‘Soft Power’,‘Soft Target’ oldu

        
 
 
                ‘Soft Power’,‘Soft Target’ oldu
Başbakanlık öncesi Ahmet Davutoğlu’nun Türkiye’nin Dış Politika daki pozisyonunu belirlemek için kullandığı Soft Power kavramı gerçekte ABD, Çin, AB gibi Dünya’nın en büyük güçlerinin ekonomik ve siyasi ‘çekim özelliklerini’ anlatmak için dış politika literatürüne yerleşmişti. Bizimki de kendi çapında bir ‘soft power’ olsa gerek diye düşündü herkes.
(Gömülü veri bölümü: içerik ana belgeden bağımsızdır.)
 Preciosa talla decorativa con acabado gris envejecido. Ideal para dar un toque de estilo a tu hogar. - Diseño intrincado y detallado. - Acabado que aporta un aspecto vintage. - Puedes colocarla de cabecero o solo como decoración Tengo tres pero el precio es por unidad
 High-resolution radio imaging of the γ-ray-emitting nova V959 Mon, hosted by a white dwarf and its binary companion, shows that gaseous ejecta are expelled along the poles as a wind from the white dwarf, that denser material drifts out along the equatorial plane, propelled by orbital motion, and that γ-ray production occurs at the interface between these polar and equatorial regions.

Davutoğlu’nun statejik derinliklerinde Türkiye’nin ya da ‘Müstakbel Osmanlı’nın’ tarihi haklarına dayanarak OrtaDoğu,Balkanlar ve Karadeniz havzasında ‘soft power’ olarak hüküm sürmeye başlayacağı çok sayıda besleme Think Tank tarafından ‘bilimsel verilerle’ propaganda edilmeye başladı. Batı’nın biraz alaycı biraz da hoşgörülü olarak baktığı Soft Power hikayesi, yine aynı merkezlerde artık ‘Soft Target’ olarak dinlenilmeye başladı. Türkiye ekonomik,kültürel ve politik bir çekim merkezi değil, terör, bela ve husumeti kendi ülkesine toplayan bir çekim merkezi oldu. Bu kademeden bir sonrakinin ‘hasta adam’ olduğunu Batı çok yakından biliyor.
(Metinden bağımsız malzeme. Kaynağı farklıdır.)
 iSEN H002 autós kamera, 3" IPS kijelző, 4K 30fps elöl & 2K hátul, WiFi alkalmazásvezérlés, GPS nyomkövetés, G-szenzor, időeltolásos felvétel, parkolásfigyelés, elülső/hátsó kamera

                          Terör’ün ‘Aller-Retour’ bileti
Fransa’daki Charlie Hebdo katliamı,Belçika tutuklamaları, Almanya soruşturmaları, İngiltere’de gündeme alınan anti-terör yasalar, tümü son ayların terör bahsindeki ‘favori’ ülkesi Türkiye  ile ilgili. Avrupa istihbarat ve polis örgütleri raporlarının tümünde Türkiye ve Suriye’nin ismi birlikte kullanılıyor. Batı medyasında hergün yayınlanan ‘teröristlerin’ Türkiye maceraları, artık haber niteliğini bile kaybetti.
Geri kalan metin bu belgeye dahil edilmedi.